Evidence-based water allocation in intermittent streams using macroinvertebrate community responses: A case study in the Barossa Valley, South Australia — ASN Events

Evidence-based water allocation in intermittent streams using macroinvertebrate community responses: A case study in the Barossa Valley, South Australia (11671)

David Deane 1 , Sally Maxwell 2 3 , Douglas Green 2
  1. The Environment Institute and School of Earth and Environmental Sciences, The University of Adelaide, Adelaide, SA
  2. Department of Environment, Water and Natural Resources, Adelaide, SA
  3. CSIRO PMB 2, CSIRO, Land and Water, Osmond, SA

We used simple empirical relationships between flow, water quality and benthic macroinvertebrate community structure and function to establish an evidence-base for decision making in environmental water provision. The resulting response curves are readily communicated to a non-scientific audience and provide an objective measure of the environmental risk associated with a given level of extraction.

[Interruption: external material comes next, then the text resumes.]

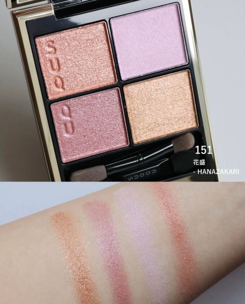 Культовая четырёхцветная палетка, в которой сочетаются изысканные оттенки, сияние и кремово-шёлковая текстура. Четыре гармонично подобранных цвета помогут придать взгляду естественную глубину, создадут мягкие переходы и эффект безупречного профессионального макияжа без лишних усилий. Тени ложатся ровно, легко растушёвываются и наслаиваются, оставаясь идеально свежими в течение всего дня. Палетка представлены в оттенке 151 Hanazakari. Эта палитра воплощает в себе мир цветущей вишни, сливы, персиков и слив (коралловый с крупными золотым и розовым перламутром, бледно-голубовато-розовый, розовый с серебристым перламутром и металлизированный золотой).
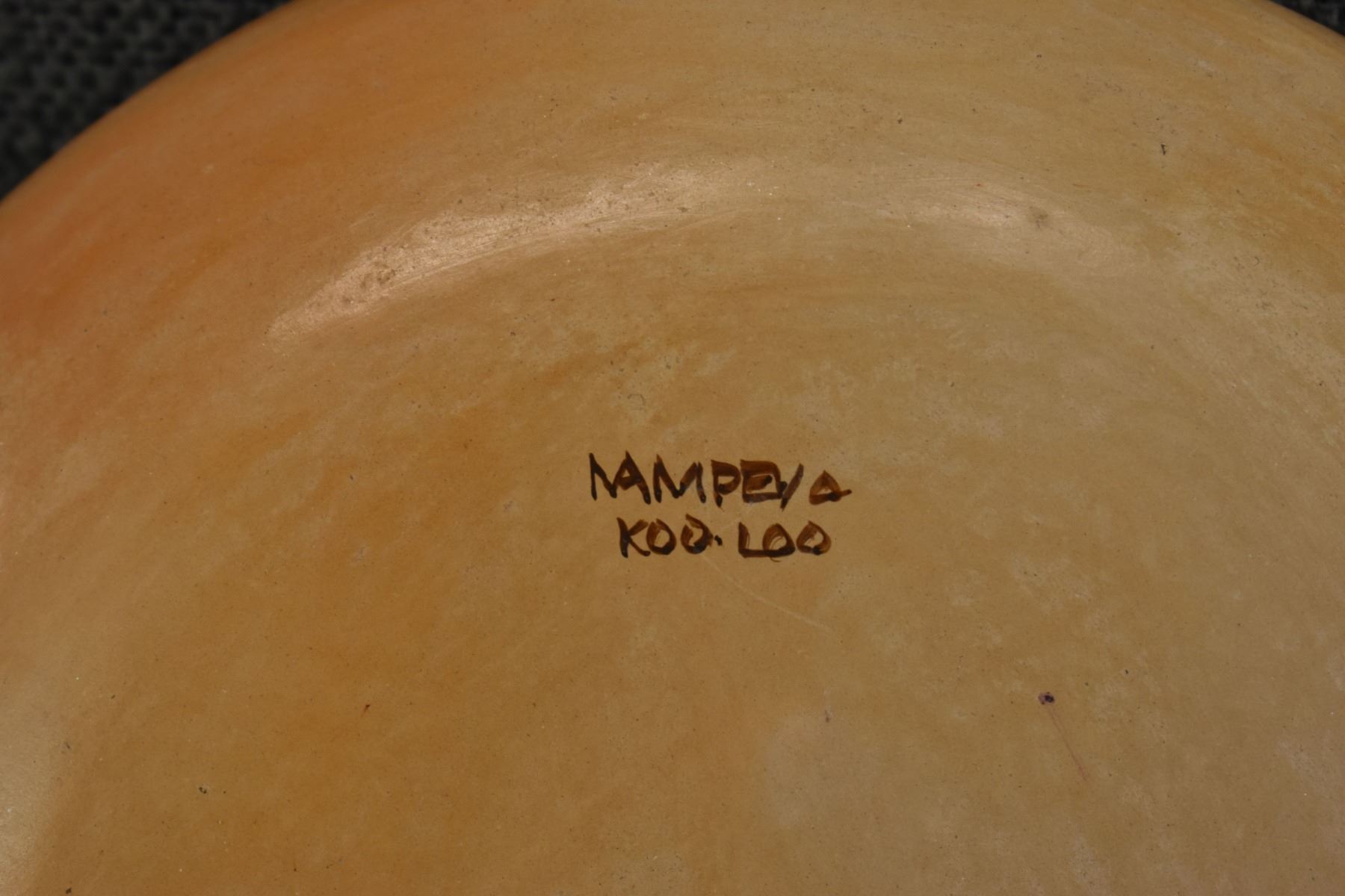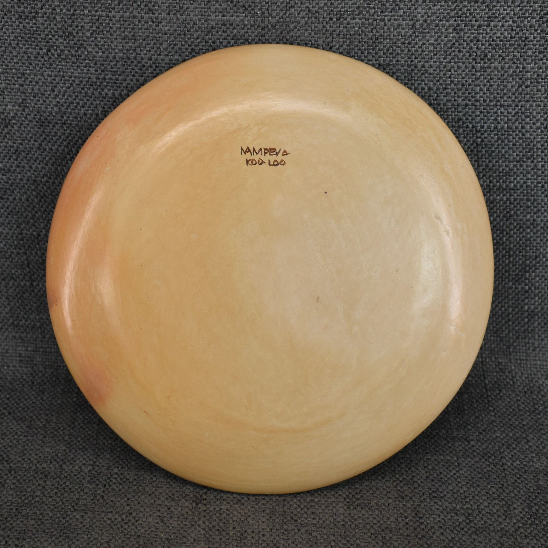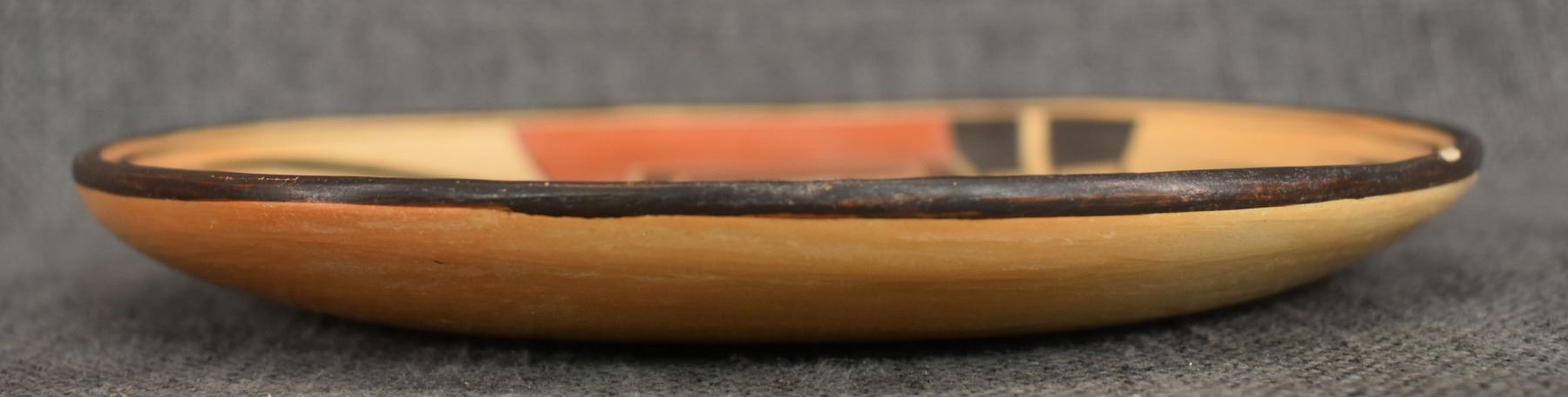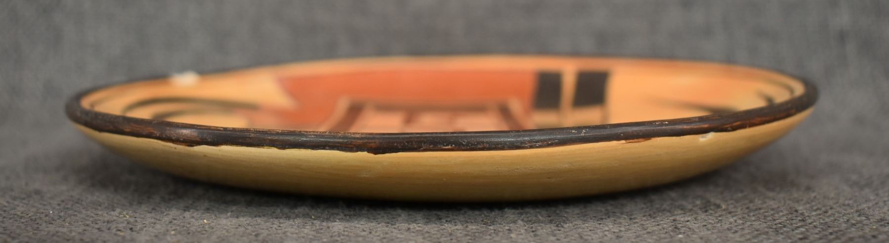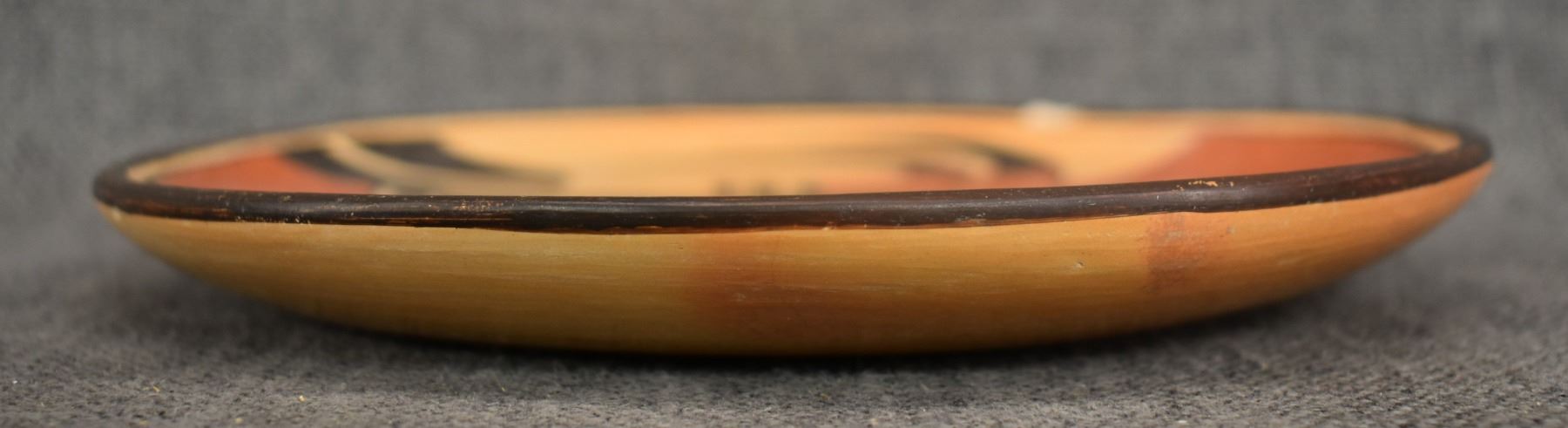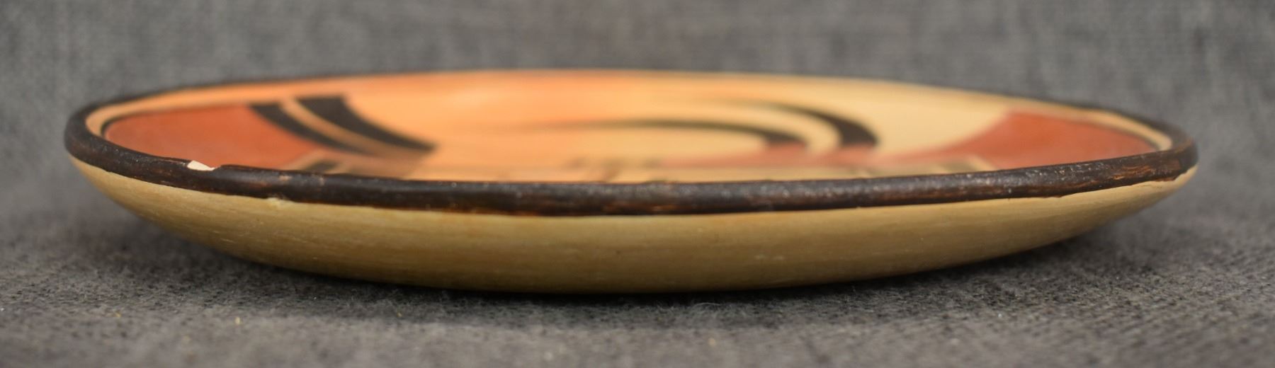 1980-90's Hopi, hand coiled with polychrome painted stylized bird design signed Nampeyo Koo-Loo. .75" x 7.25" has chip

Under South Australian legislation, resource managers are required to incorporate environmental needs within water allocation frameworks. The Mount Lofty Ranges, located near to Adelaide, are drained by a network of small streams. Prevailing Mediterranean climates interact with spatially unpredictable but reliable groundwater discharge to produce flow regimes spanning a gradient of permanence. Environmental water determination has previously utilised a maximum permissible deviation in hydrological measures, assessed on the basis of modelled ‘current’ and ‘no-development’ scenarios. Such approaches are ecologically defensible, but remain somewhat opaque to the ecological processes they seek to support. Articulating the likely environmental consequence or benefit of a given scenario is not straightforward and as a result the environmental success of water allocation plans is difficult to determine.

We used both functional and biodiversity-based measures of macroinvertebrate communities to demonstrate within-catchment responses to variation in antecedent flow and electrical conductivity. Biological measures declined in a linear manner above a threshold value of electrical conductivity, with flow responses similar in shape but opposite in orientation owing to covariance. Such threshold responses are widely sought in environmental policy making, as they provide an intuitive means to establish a meaningful level of risk to competing scenarios. They remain however, generally elusive. The specifics of the approach have not to our knowledge been attempted in other climatic zones although they are readily transferable. Where applicable, these provide a means to incorporate macroinvertebrate community condition in water allocation decisions, based on ecologically relevant and readily quantified responses.